Start of EXERCISE DATA
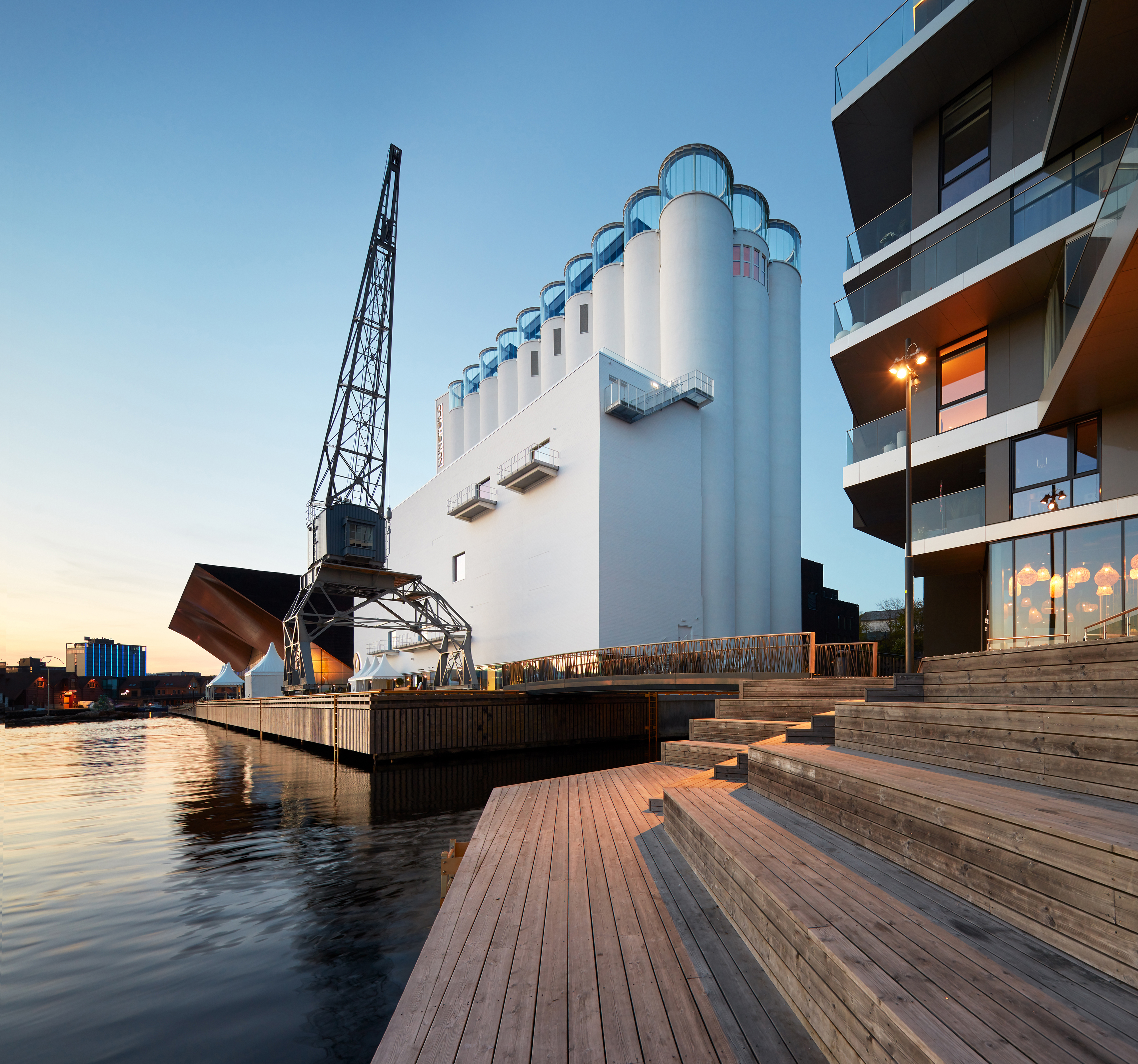 KUNSTSILO forma parte de la apuesta de transformación y regeneración urbana del Puerto Industrial de Odderøya, Kristiansand, Noruega, en un nuevo polo cultural. El proyecto ordena toda una parcela que integra junto a la Ópera de Kilden, la Escuela de Cultura (KNUDEN), la incubadora de arte y el nuevo Museo en un Silo de grano.
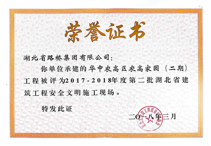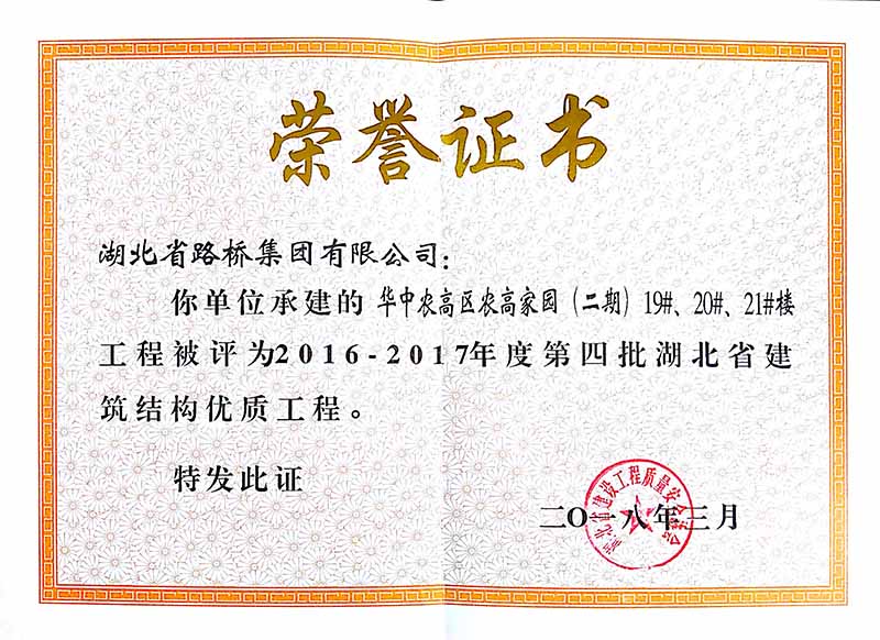 近日,从湖北省建设工程质量安全协会传来喜讯,经荆州建管部门推荐,省协会组织专家组现场核查、综合评审和网上公示后,由湖北路桥承建的华中农高区农高家园(二期)工程被评为"2017-2018年度第二批湖北省安全文明施工现场"(安全文明楚天杯),同时该项目的19#、20#、21#楼工程被评定为"2016-2017年度第四批湖北省建筑结构优质工程"(结构楚天杯)。
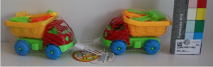 Descrierea produsului : Set de jucării de plajă din plastic, care conține un camion, o lopată, o greblă și forme de nisip
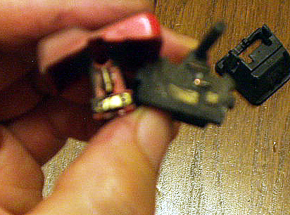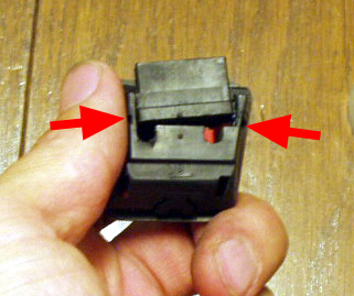 まずディマスイッチ。固定爪を精密マイナスドライバーで押し外し分解します。
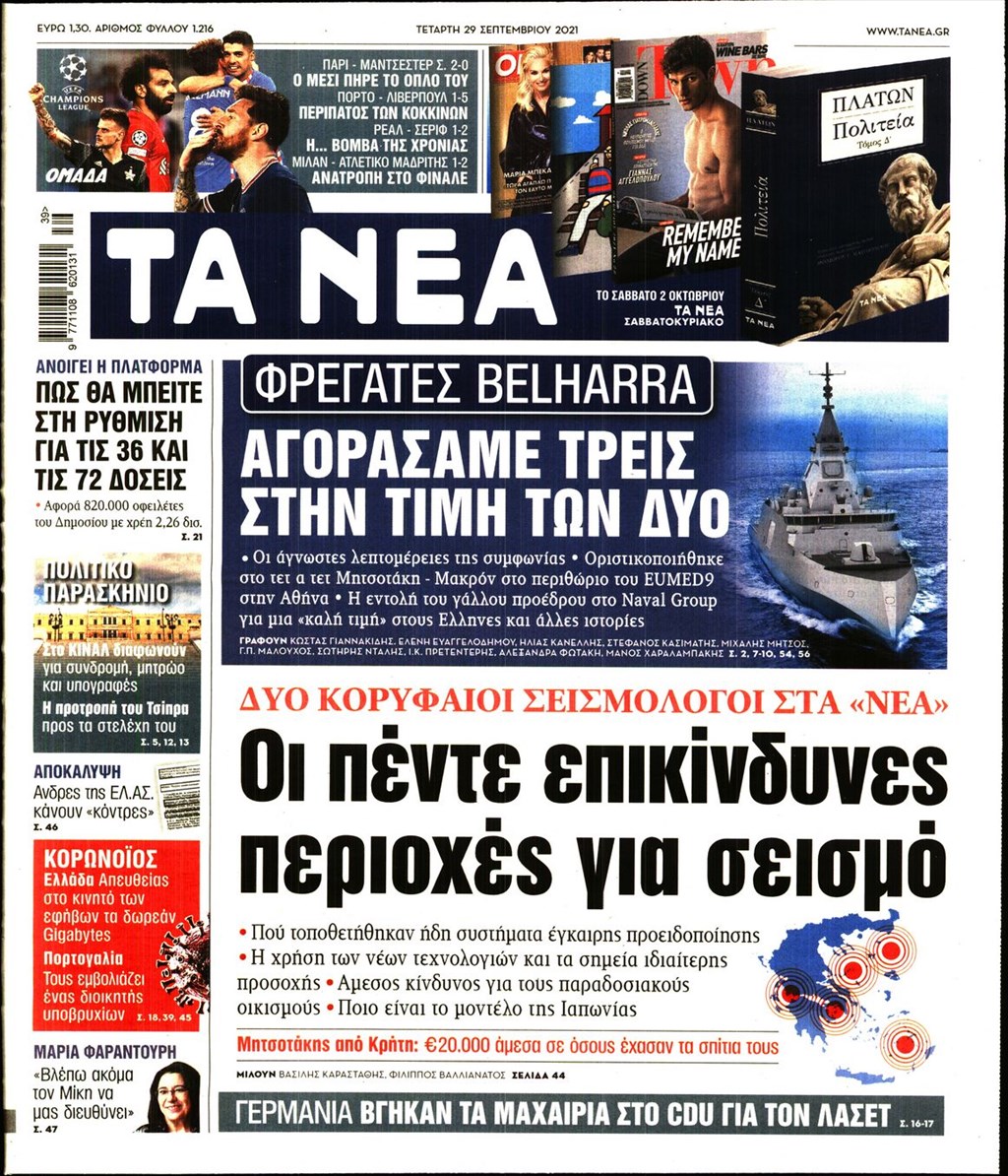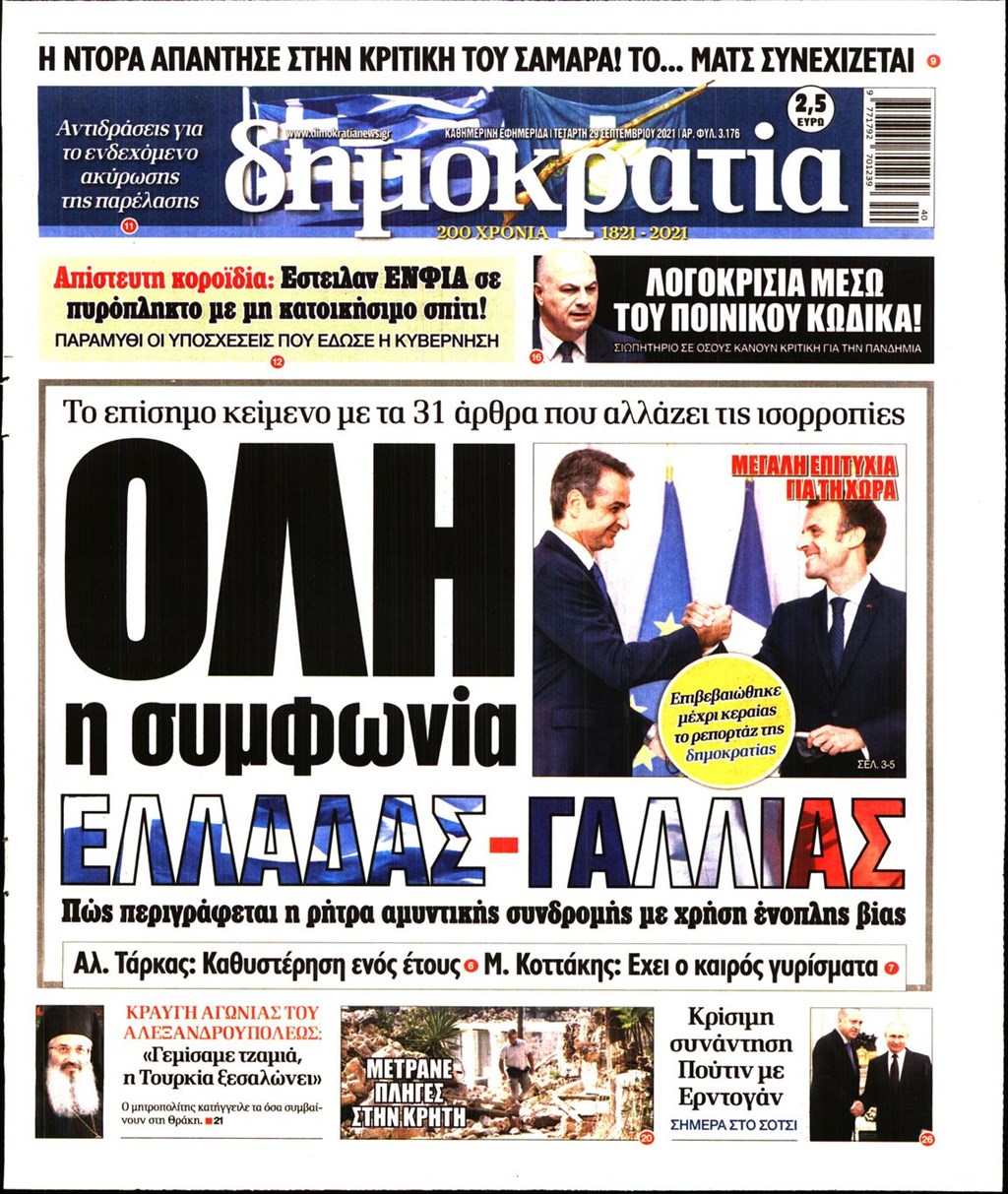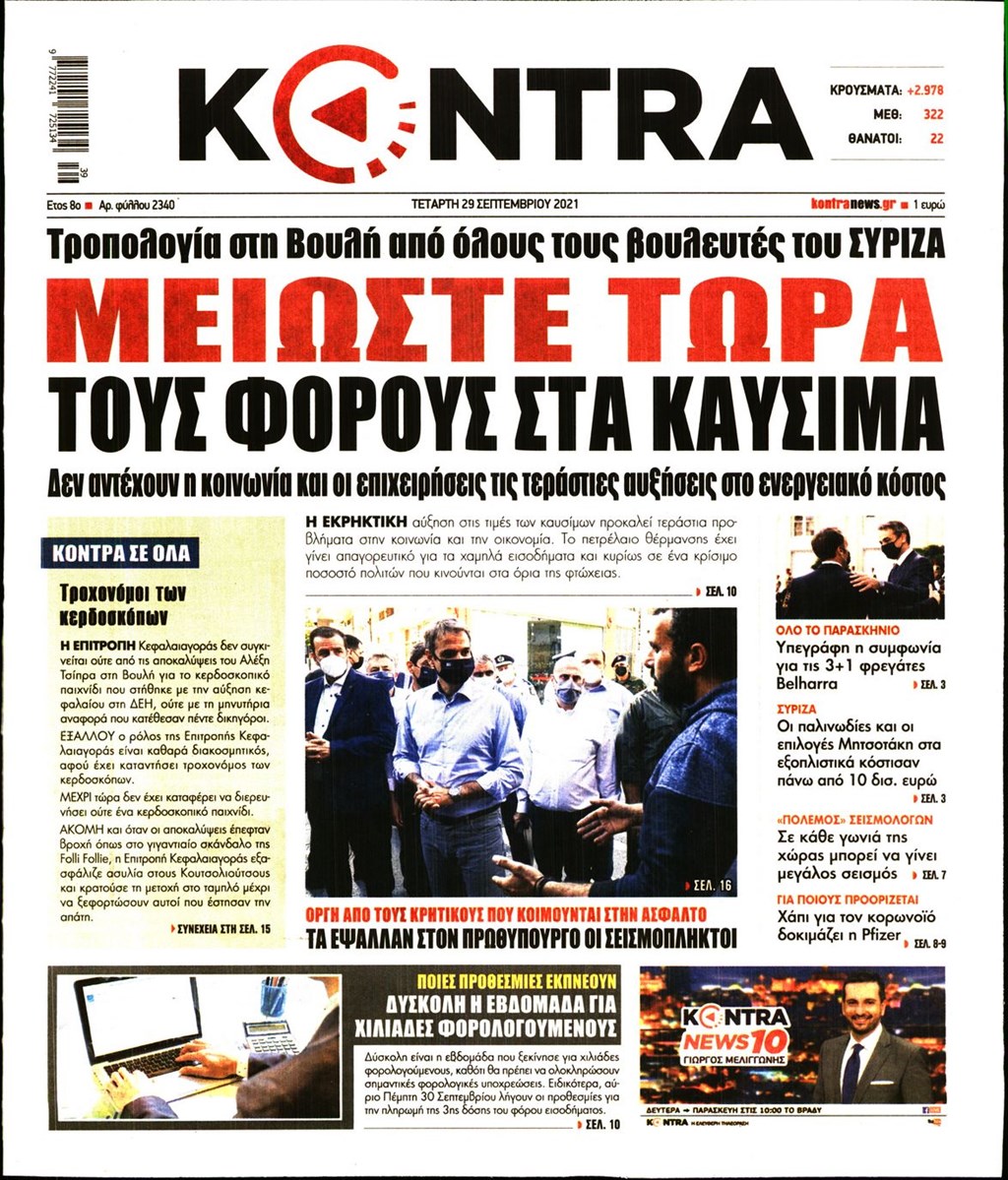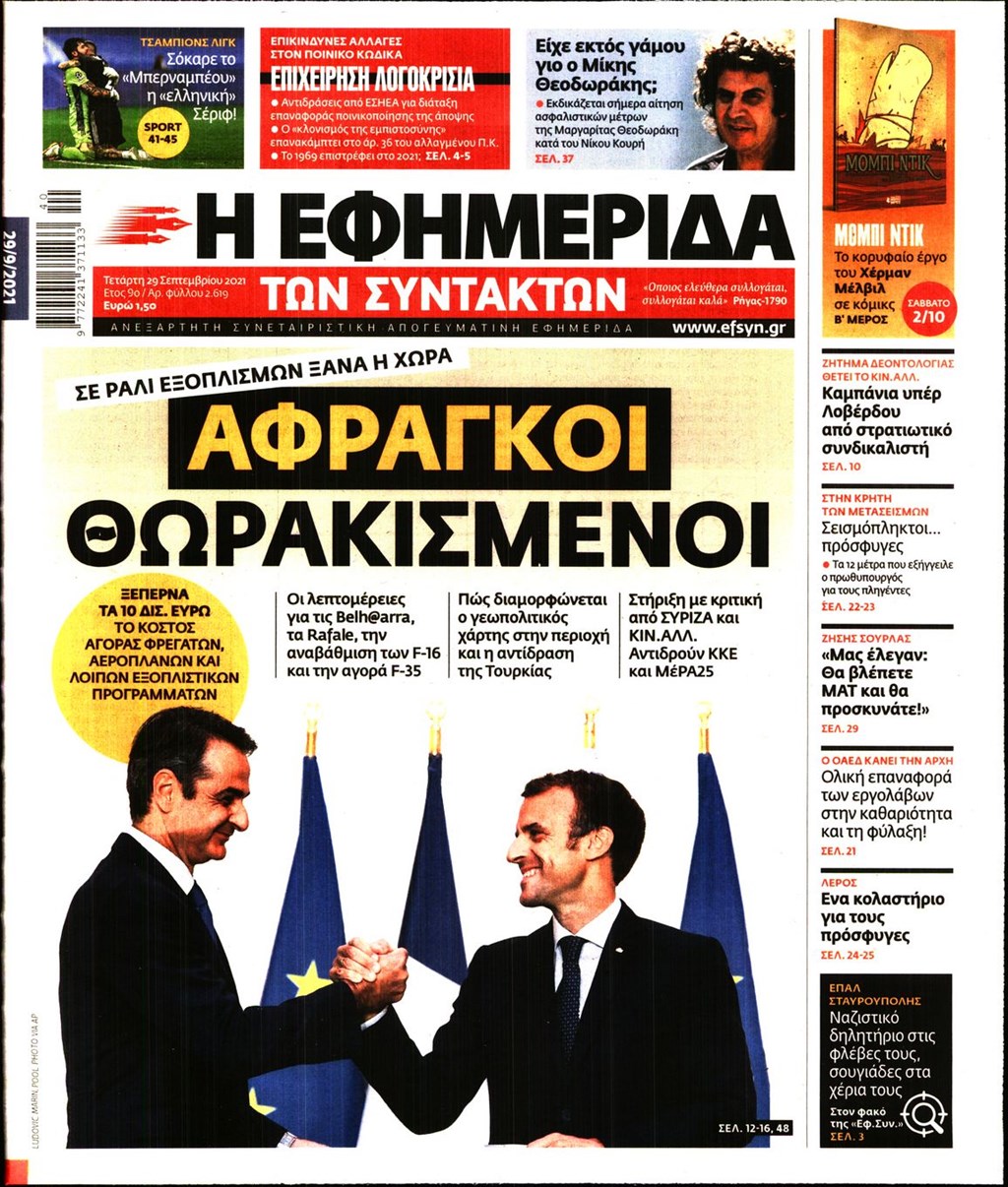 Τα πρωτοσέλιδα των εφημερίδων 29 Σεπτεμβρίου
End of EXERCISE DATA
**WHAT YOU HAVE TO DO:** Starting at the line that holds "まずディマスイッチ。固定爪を精密マイナスドライバーで押し外し分解します。", print each line through the last one of the entries above, exactly and with both ends included; no pictures.

**EXERCISE RESPONSE:**
 まずディマスイッチ。固定爪を精密マイナスドライバーで押し外し分解します。
 Τα πρωτοσέλιδα των εφημερίδων 29 Σεπτεμβρίου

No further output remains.